## WORK TO COMPLETE
Pictures in the listing do not belong in the copy, which should repeat exactly the lines from the one holding "2階は寝室スペースです。 1" through the last line.

**** GIVEN RECORDS

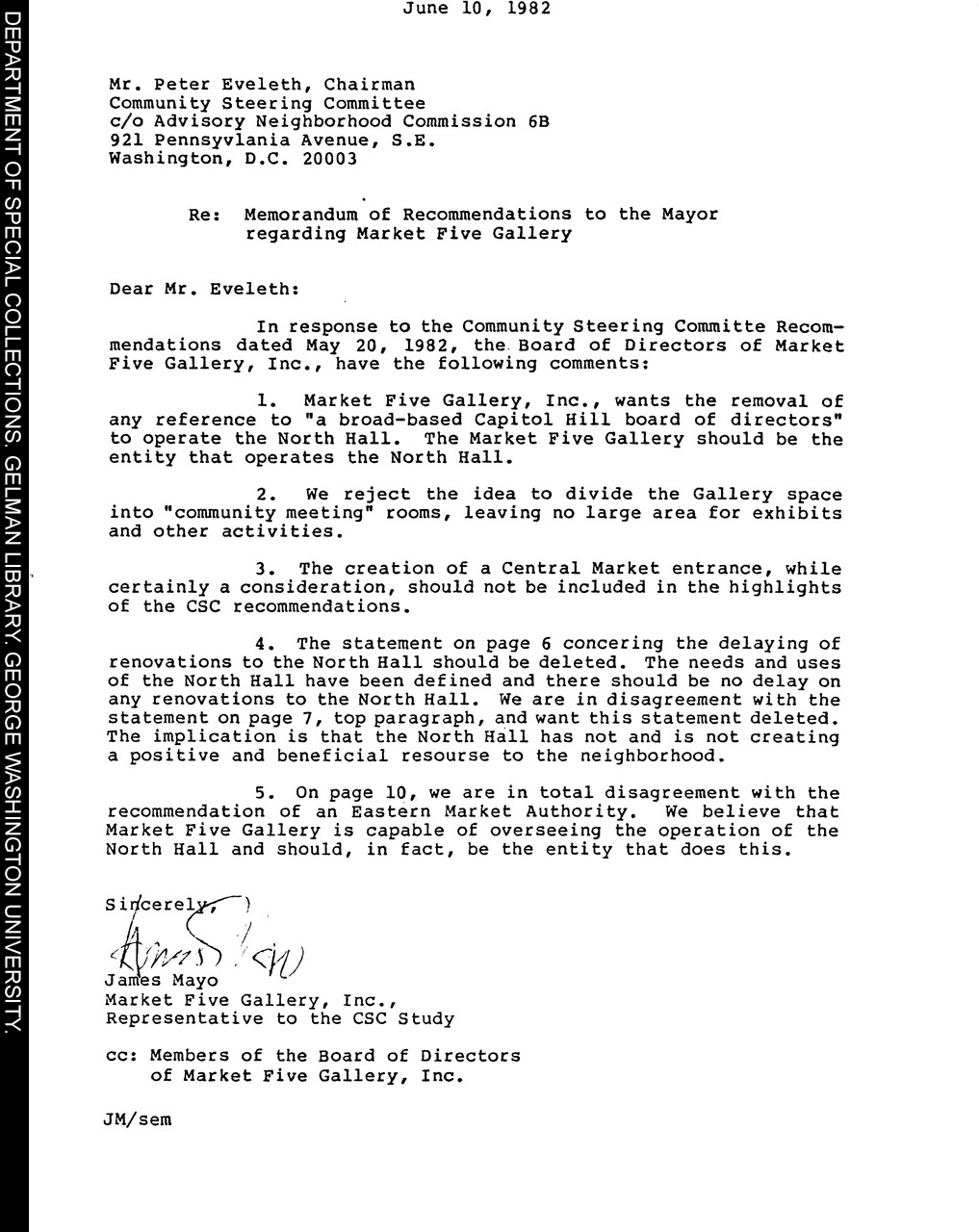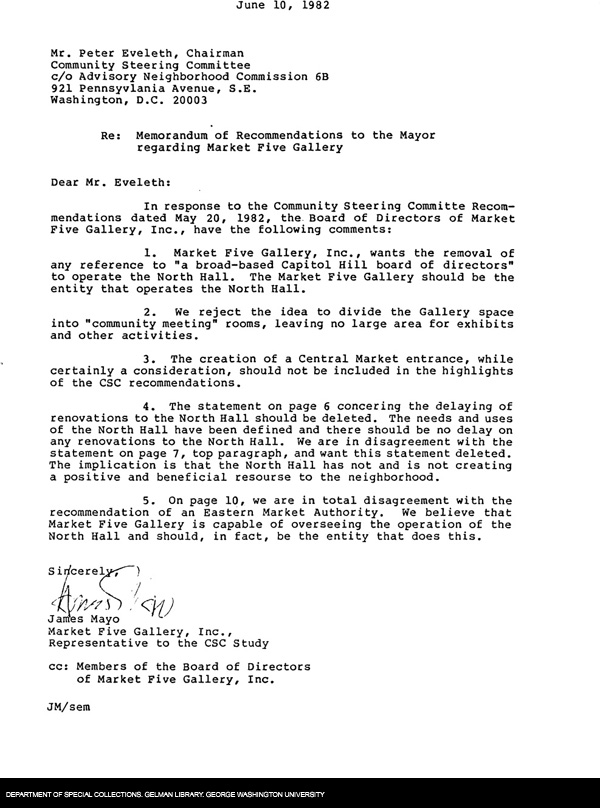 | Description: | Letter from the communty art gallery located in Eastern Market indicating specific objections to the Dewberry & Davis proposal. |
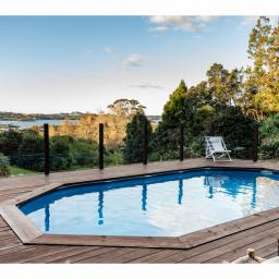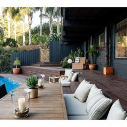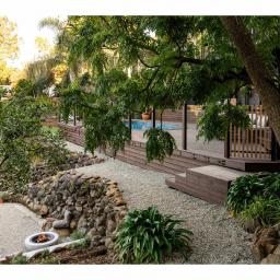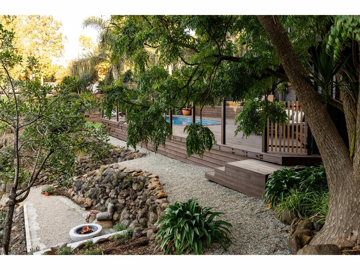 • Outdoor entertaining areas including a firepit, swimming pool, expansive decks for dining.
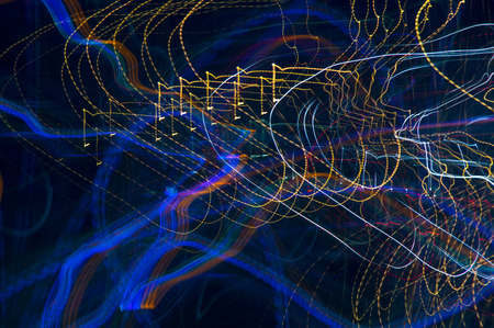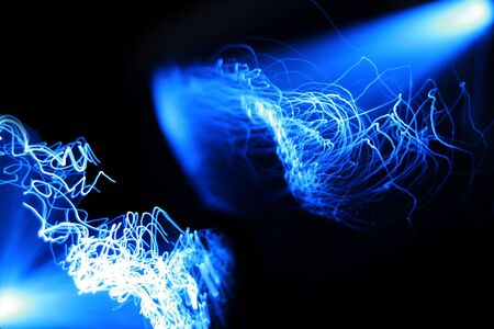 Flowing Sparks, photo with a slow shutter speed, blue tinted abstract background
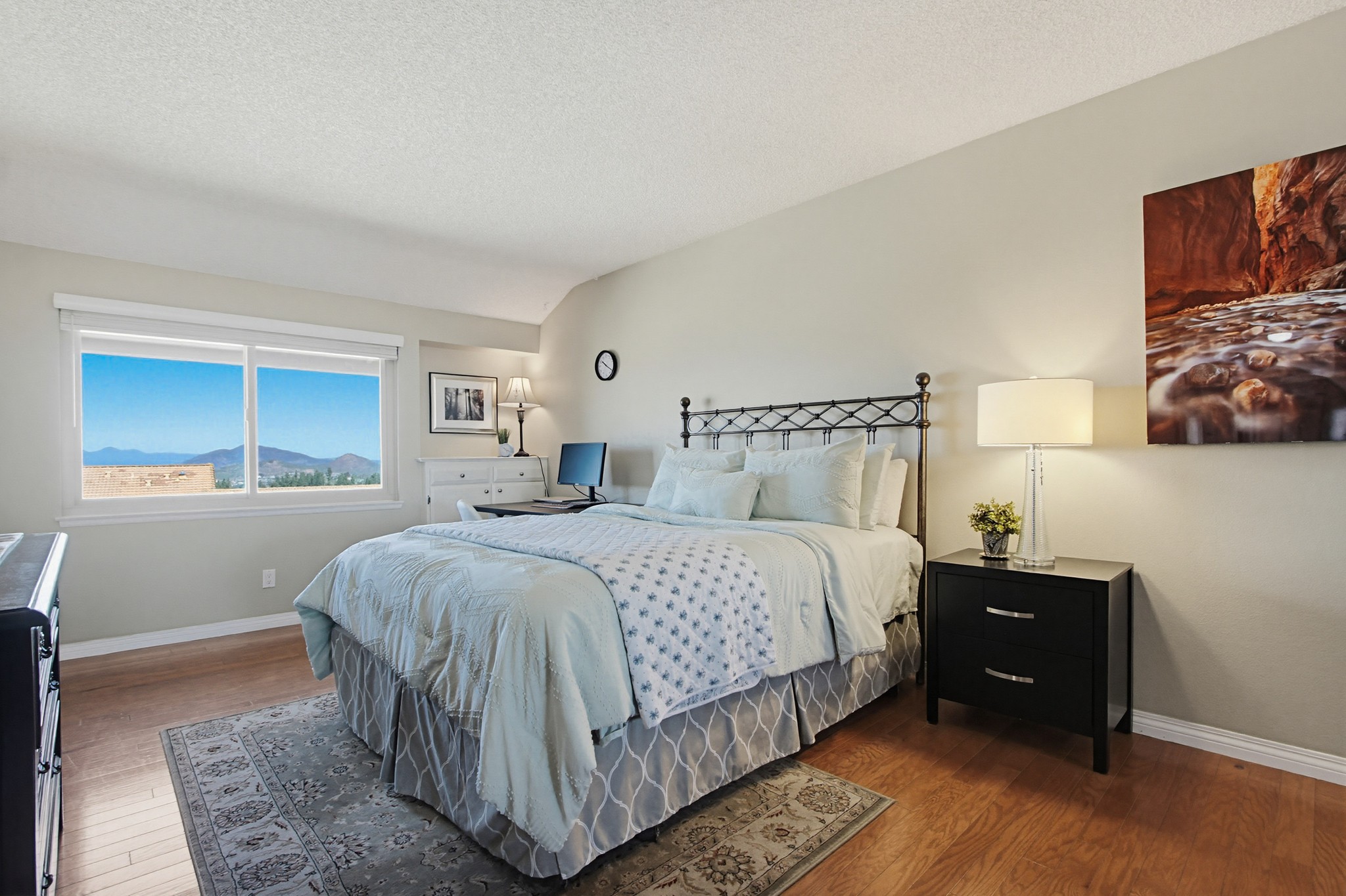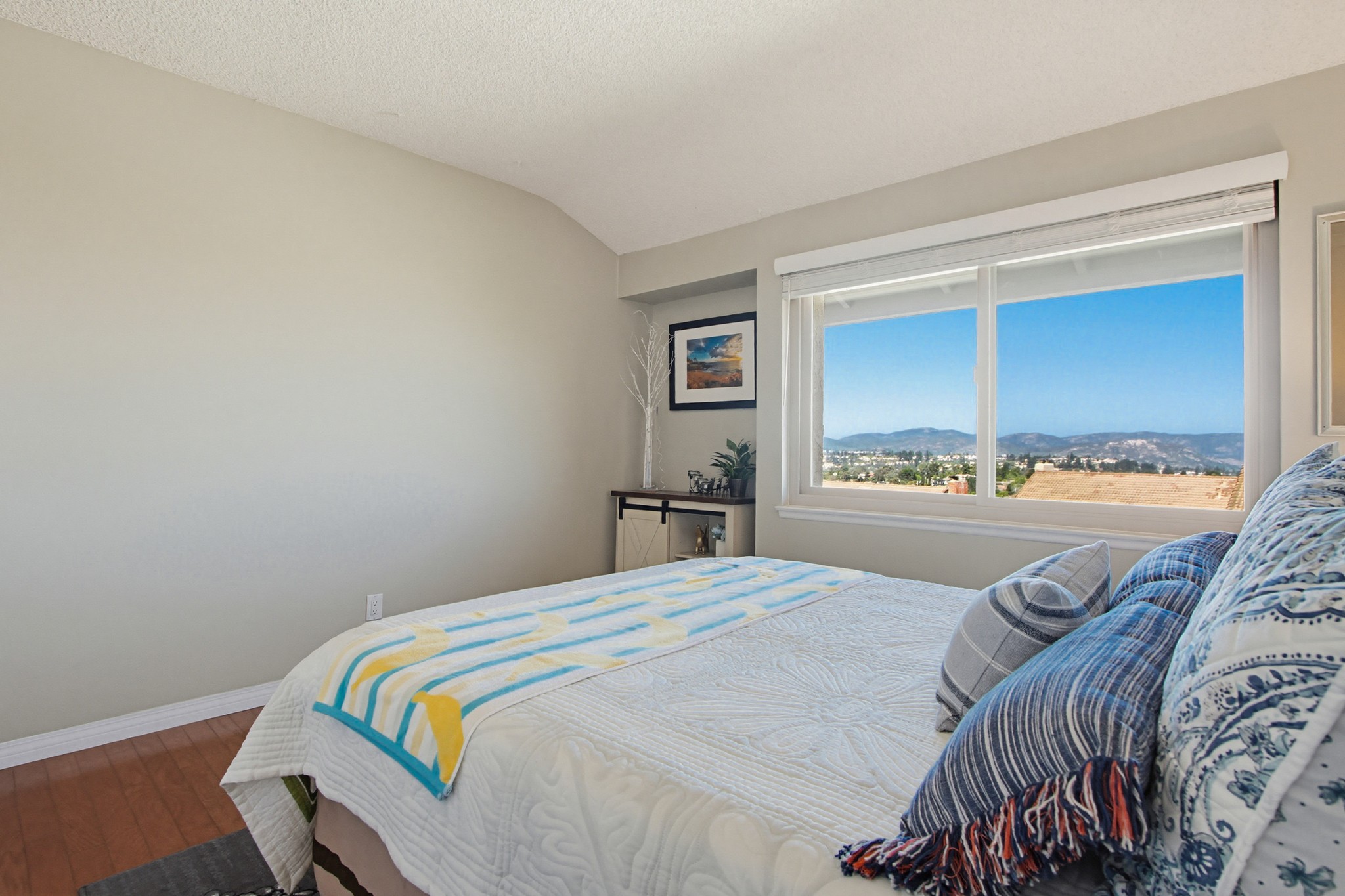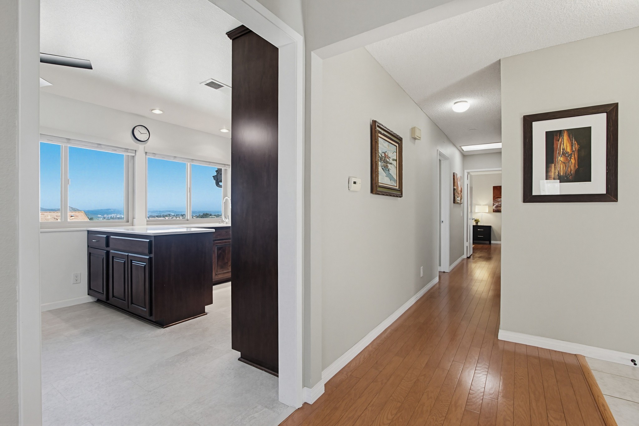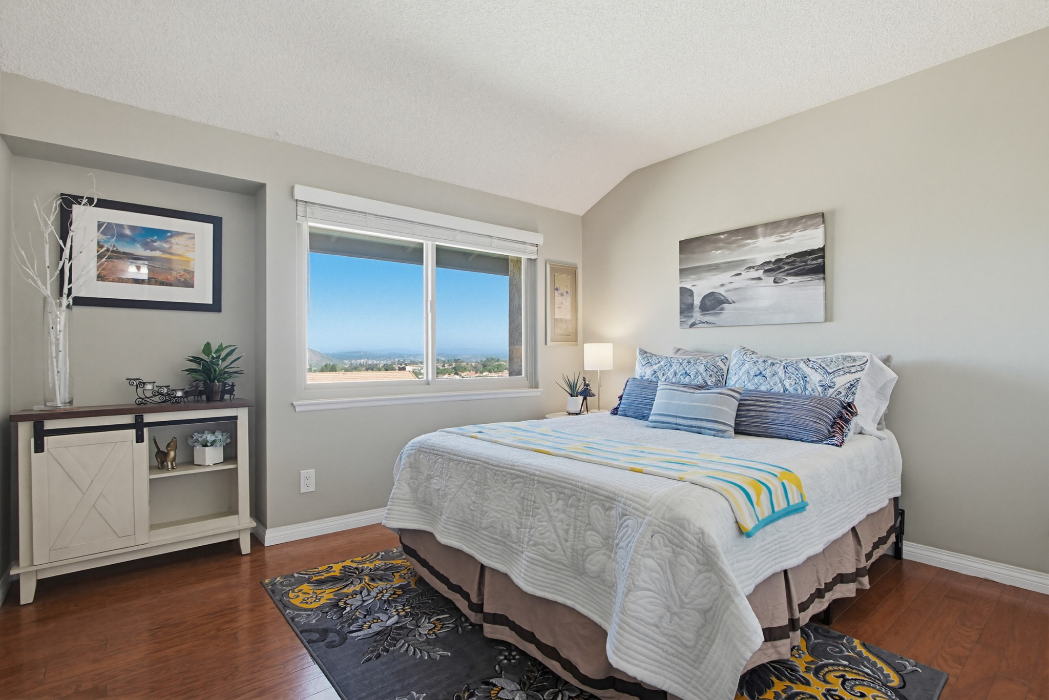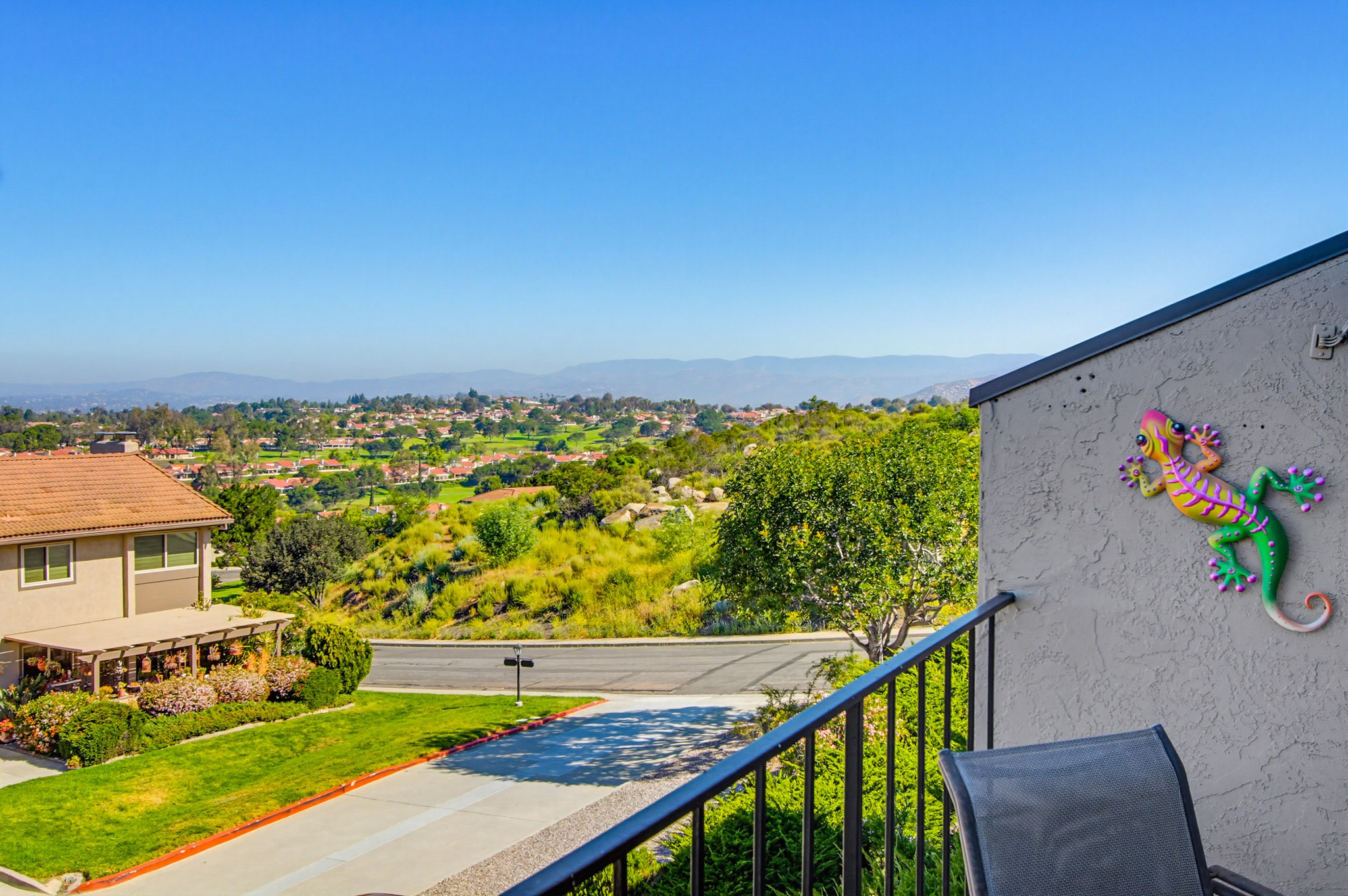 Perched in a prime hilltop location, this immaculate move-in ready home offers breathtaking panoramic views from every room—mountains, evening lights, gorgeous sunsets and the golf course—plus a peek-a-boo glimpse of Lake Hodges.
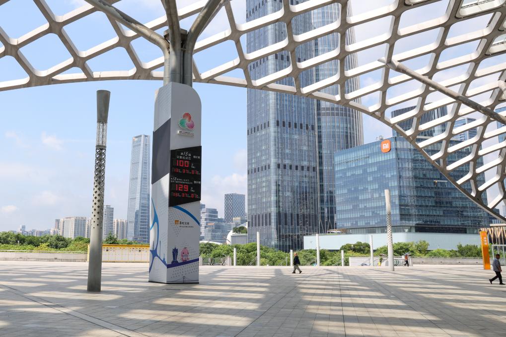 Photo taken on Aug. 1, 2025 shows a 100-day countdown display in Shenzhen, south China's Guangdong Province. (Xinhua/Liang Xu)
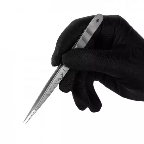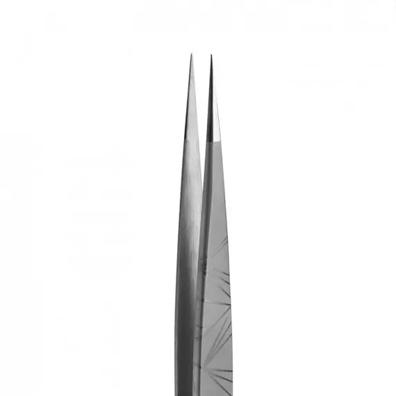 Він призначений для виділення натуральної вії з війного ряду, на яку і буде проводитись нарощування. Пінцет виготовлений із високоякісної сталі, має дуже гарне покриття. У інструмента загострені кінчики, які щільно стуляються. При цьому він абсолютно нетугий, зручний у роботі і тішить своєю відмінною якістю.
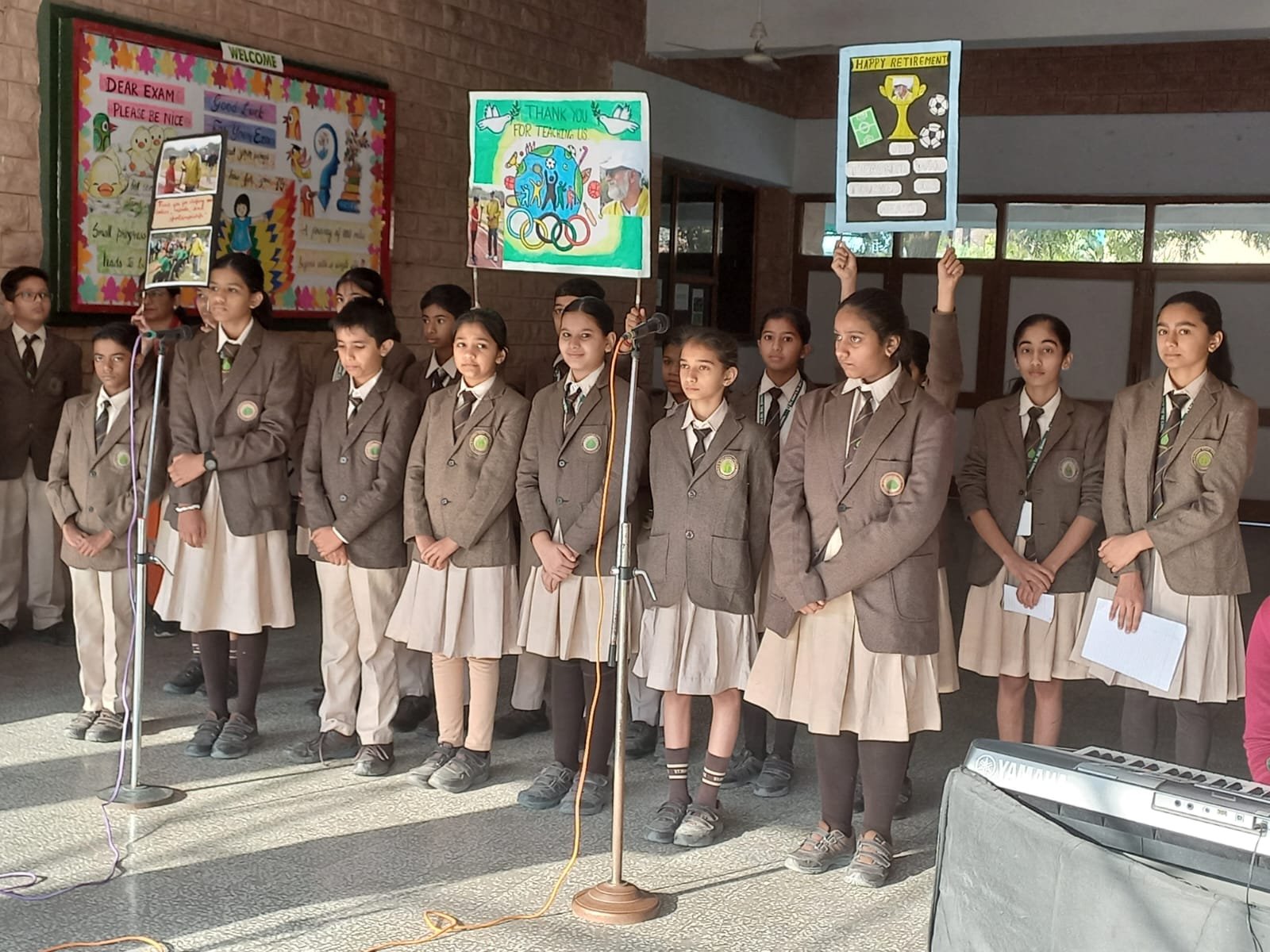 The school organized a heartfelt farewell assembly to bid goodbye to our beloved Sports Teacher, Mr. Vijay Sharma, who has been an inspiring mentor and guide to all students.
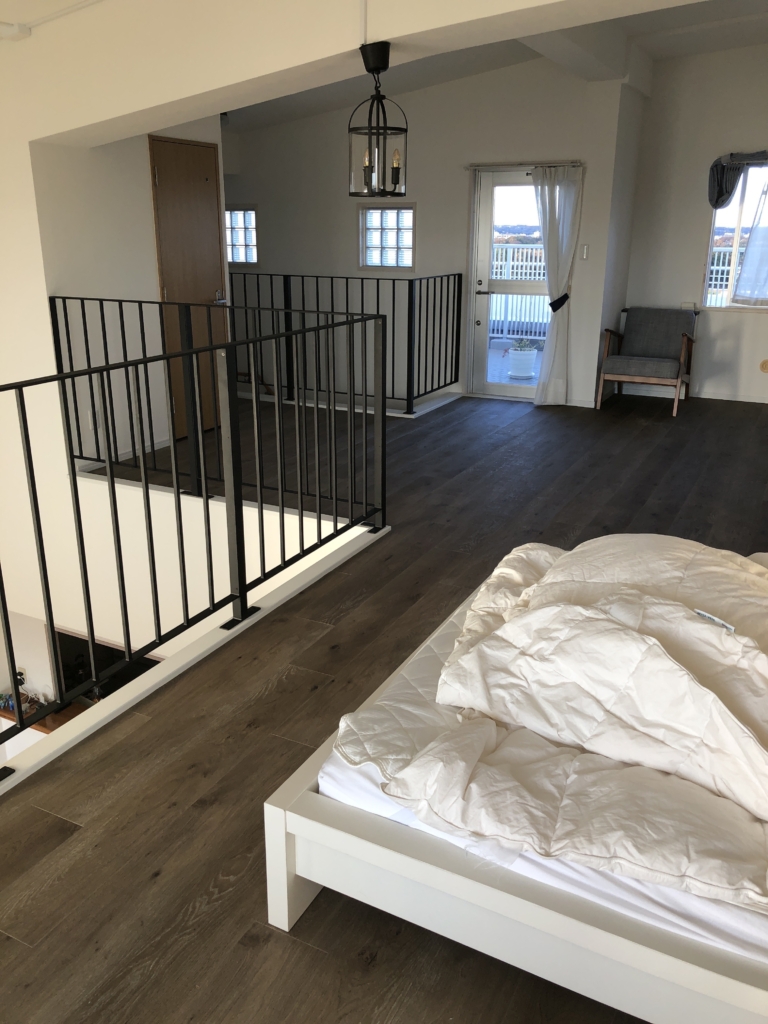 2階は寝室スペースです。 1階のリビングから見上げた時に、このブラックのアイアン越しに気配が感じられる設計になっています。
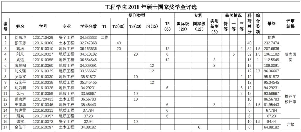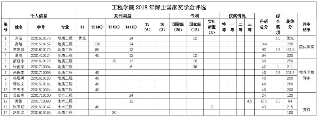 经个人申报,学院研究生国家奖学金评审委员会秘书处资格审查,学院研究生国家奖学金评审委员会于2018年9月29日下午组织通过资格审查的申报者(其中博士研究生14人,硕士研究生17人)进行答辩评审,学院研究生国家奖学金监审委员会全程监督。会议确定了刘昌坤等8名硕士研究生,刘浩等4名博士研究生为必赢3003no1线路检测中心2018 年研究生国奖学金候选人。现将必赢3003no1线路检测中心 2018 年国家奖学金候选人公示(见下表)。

********

## YOUR SOLUTION
 2階は寝室スペースです。 1階のリビングから見上げた時に、このブラックのアイアン越しに気配が感じられる設計になっています。
 经个人申报,学院研究生国家奖学金评审委员会秘书处资格审查,学院研究生国家奖学金评审委员会于2018年9月29日下午组织通过资格审查的申报者(其中博士研究生14人,硕士研究生17人)进行答辩评审,学院研究生国家奖学金监审委员会全程监督。会议确定了刘昌坤等8名硕士研究生,刘浩等4名博士研究生为必赢3003no1线路检测中心2018 年研究生国奖学金候选人。现将必赢3003no1线路检测中心 2018 年国家奖学金候选人公示(见下表)。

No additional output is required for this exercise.